Recorded information:

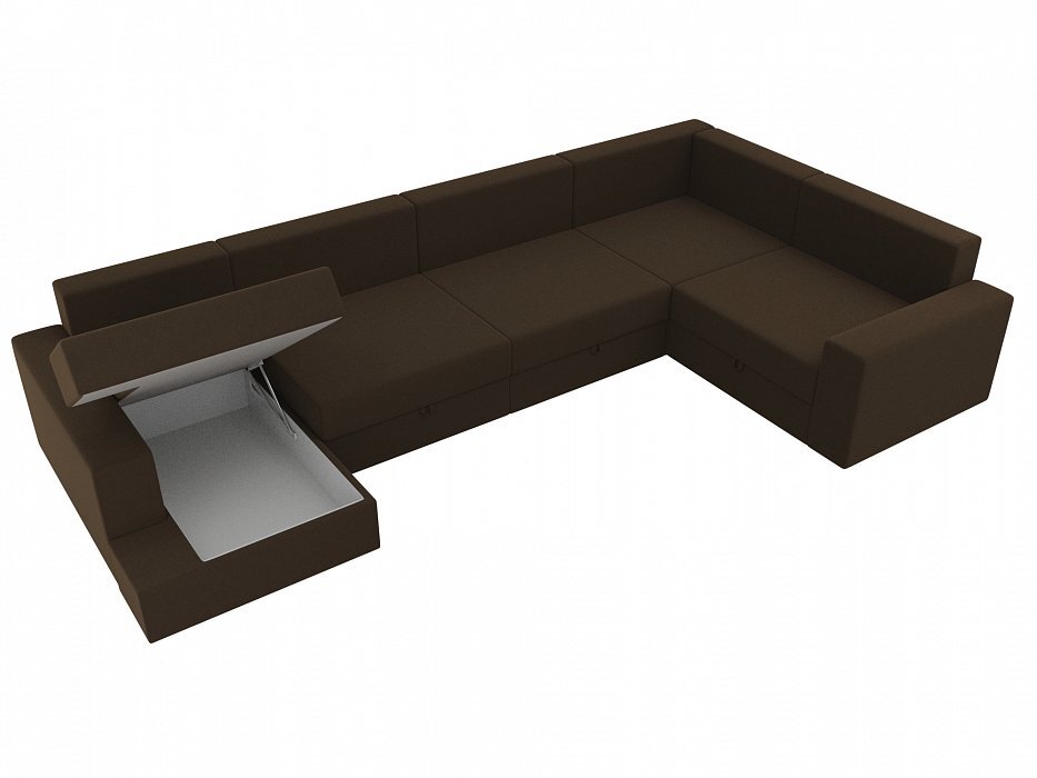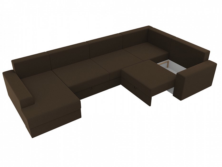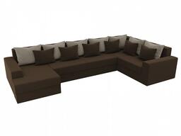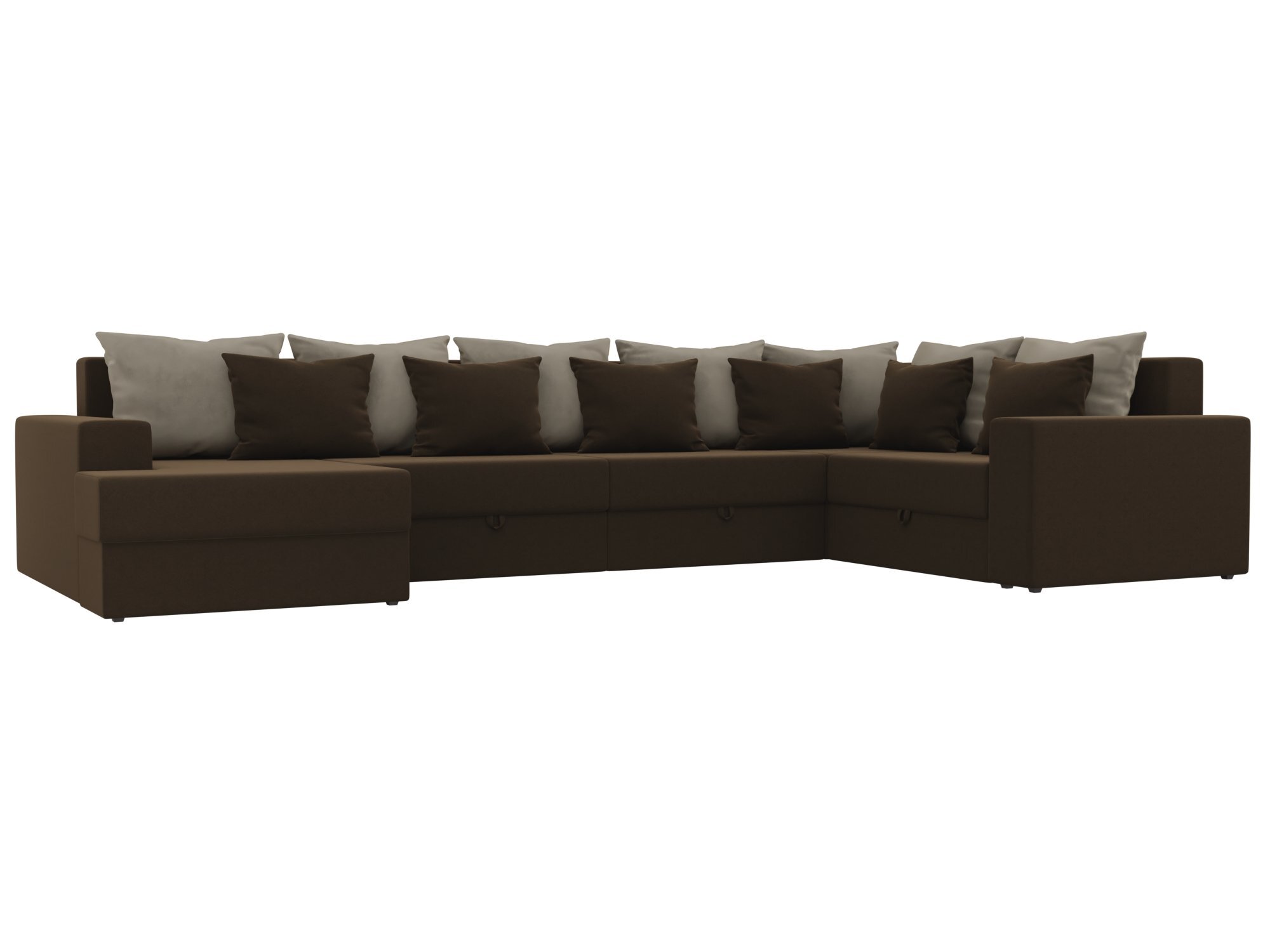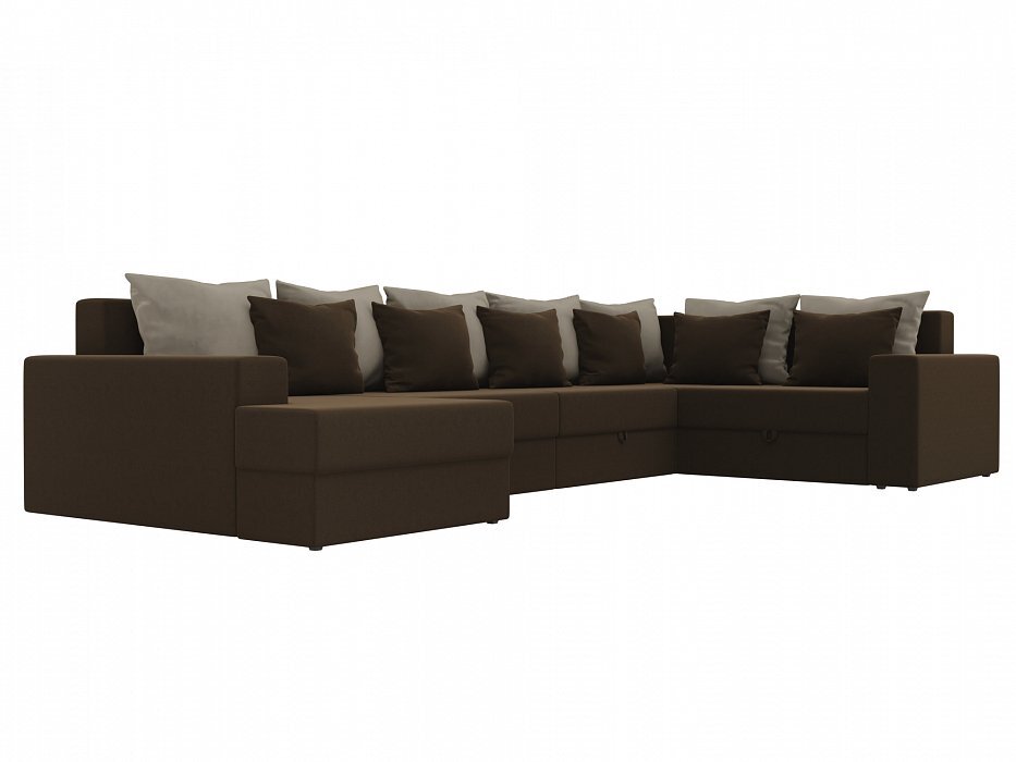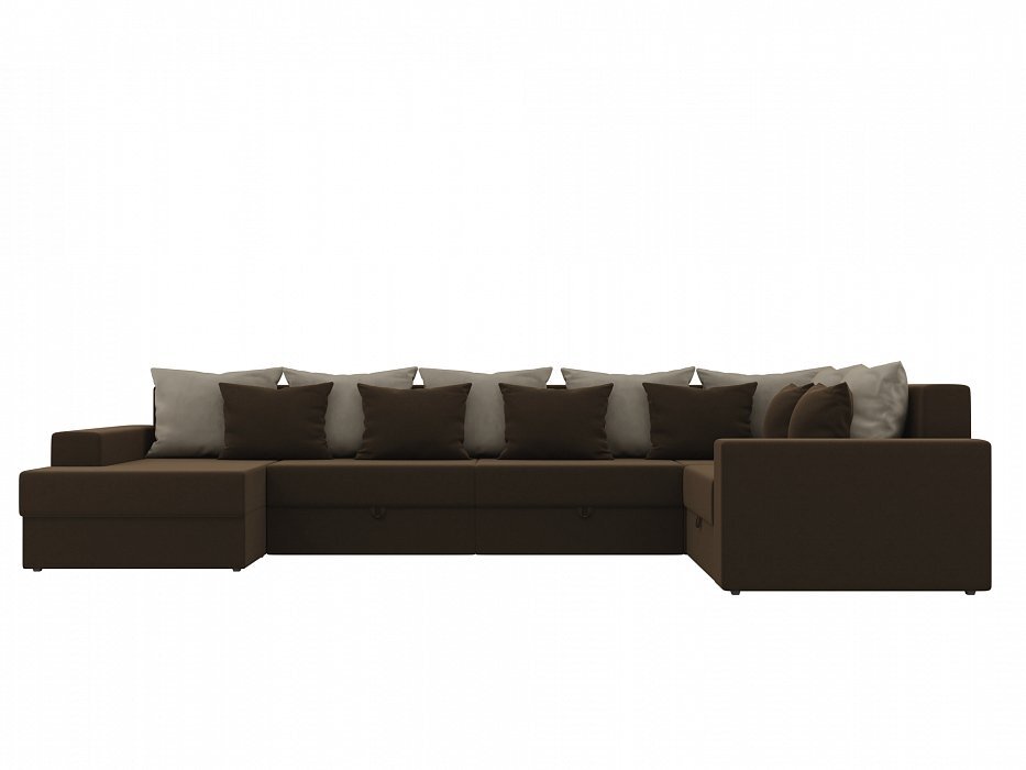 П-образный диван Мэдисон Микровельвет коричневый\бежевый\коричневый
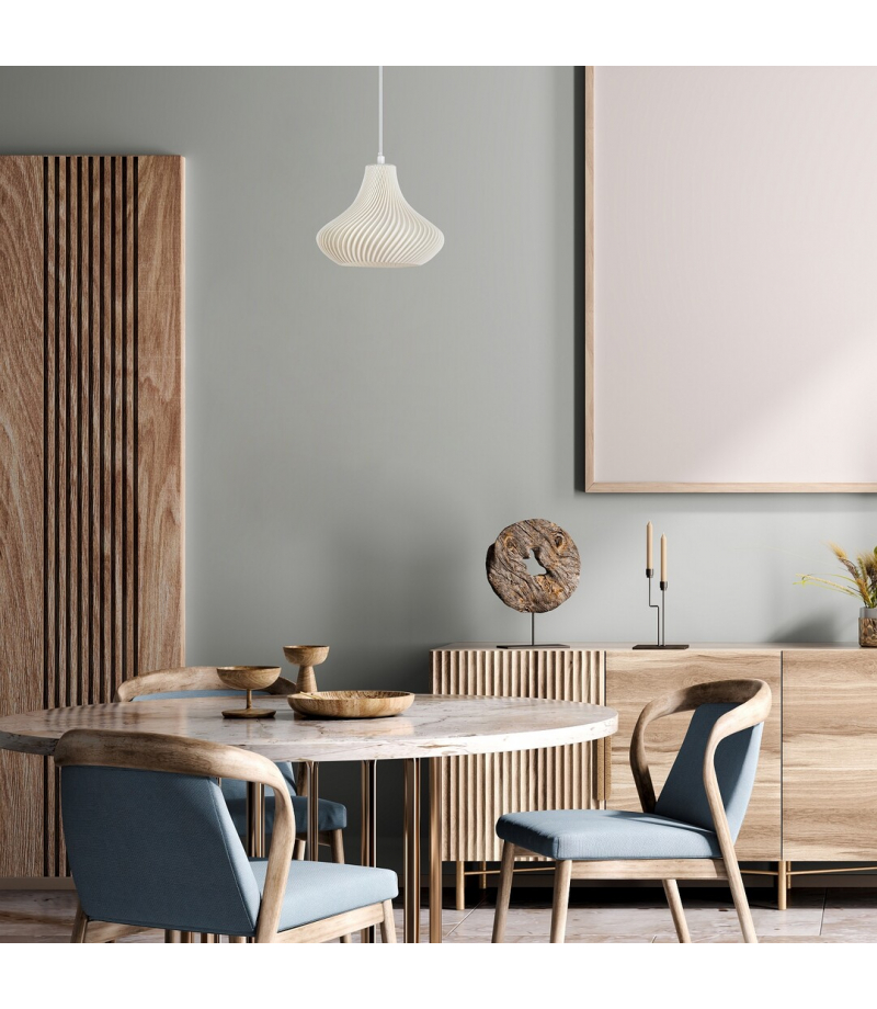 Wyglądająca świeżo i elegancko, wykonana w nowoczesnym stylu oprawa wisząca Tiana jest doskonałym wyborem zarówno do salonu, jak i do jadalni lub sypialni. Wykonana z metalu oprawa w kolorze chromu jest uzupełniona białym kloszem z tworzywa sztucznego i może być przymocowana do sufitu za pomocą małej, okrągłej podstawy dekoracyjnej. Skręcony klosz w kształcie figi nadaje tej oprawie wiszącej wyjątkowy wygląd. Do oprawy Tiana można zastosować źródło światła z trzonkiem E14, o mocy max. 25 W. Użytkownik może wybrać temperaturę barwową źródła światła według własnych upodobań: jeśli oprawa będzie używana w sypialni, najlepiej jest użyć źródło o ciepłej barwie, ponieważ ten rodzaj światła pomaga stworzyć przytulną, miłą atmosferę, jest relaksujący dla oczu i idealny do relaksu. Wymiary oprawy wiszącej Tiana są następujące: średnica 220 mm, zwis 1200 mm, średnica otworu montażowego 90 mm. Model ten jest dostarczany bez źródła światła.
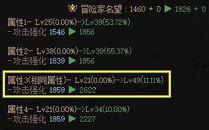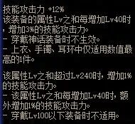 ②技能攻击力提升另外,对上衣、手镯、耳环部位,在不穿戴神话装备的情况下,装备词条等级之和每增加40点,均可为这件装备额外获取3%的技工,对冒险家战斗力的提升占有举足轻重的地位。(这个属性为上衣/手镯/耳环部位取高值适用)
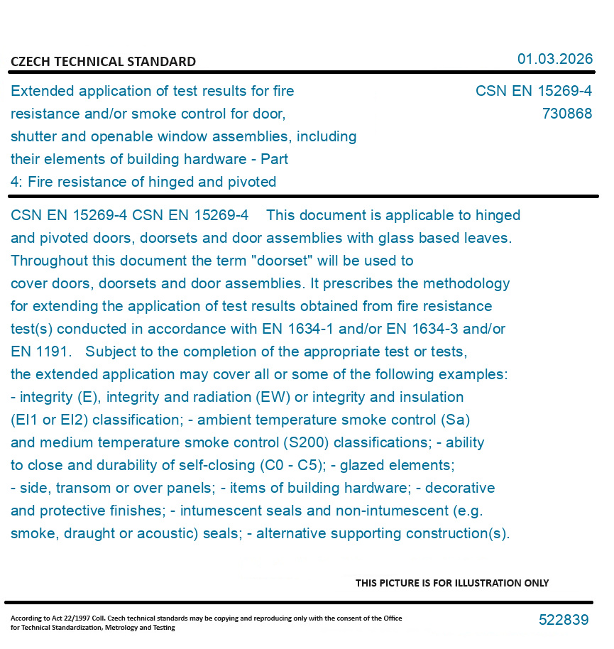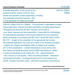 CSN EN 15269-4 This document is applicable to hinged and pivoted doors, doorsets and door assemblies with glass based leaves. Throughout this document the term "doorset" will be used to cover doors, doorsets and door assemblies. It prescribes the methodology for extending the application of test results obtained from fire resistance test(s) conducted in accordance with EN 1634-1 and/or EN 1634-3 and/or EN 1191. Subject to the completion of the appropriate test or tests, the extended application may cover all or some of the following examples: - integrity (E), integrity and radiation (EW) or integrity and insulation (EI1 or EI2) classification; - ambient temperature smoke control (Sa) and medium temperature smoke control (S200) classifications; - ability to close and durability of self-closing (C0 - C5); - glazed elements; - side, transom or over panels; - items of building hardware; - decorative and protective finishes; - intumescent seals and non-intumescent (e.g. smoke, draught or acoustic) seals; - alternative supporting construction(s). This document does not apply to horizontal doorsets and windows.

Activity: Leave the pictures out and reproduce exactly the lines from the top of the listing above through the line with "②技能攻击力提升另外,对上衣".

Answer below:
 П-образный диван Мэдисон Микровельвет коричневый\бежевый\коричневый
 Wyglądająca świeżo i elegancko, wykonana w nowoczesnym stylu oprawa wisząca Tiana jest doskonałym wyborem zarówno do salonu, jak i do jadalni lub sypialni. Wykonana z metalu oprawa w kolorze chromu jest uzupełniona białym kloszem z tworzywa sztucznego i może być przymocowana do sufitu za pomocą małej, okrągłej podstawy dekoracyjnej. Skręcony klosz w kształcie figi nadaje tej oprawie wiszącej wyjątkowy wygląd. Do oprawy Tiana można zastosować źródło światła z trzonkiem E14, o mocy max. 25 W. Użytkownik może wybrać temperaturę barwową źródła światła według własnych upodobań: jeśli oprawa będzie używana w sypialni, najlepiej jest użyć źródło o ciepłej barwie, ponieważ ten rodzaj światła pomaga stworzyć przytulną, miłą atmosferę, jest relaksujący dla oczu i idealny do relaksu. Wymiary oprawy wiszącej Tiana są następujące: średnica 220 mm, zwis 1200 mm, średnica otworu montażowego 90 mm. Model ten jest dostarczany bez źródła światła.
 ②技能攻击力提升另外,对上衣、手镯、耳环部位,在不穿戴神话装备的情况下,装备词条等级之和每增加40点,均可为这件装备额外获取3%的技工,对冒险家战斗力的提升占有举足轻重的地位。(这个属性为上衣/手镯/耳环部位取高值适用)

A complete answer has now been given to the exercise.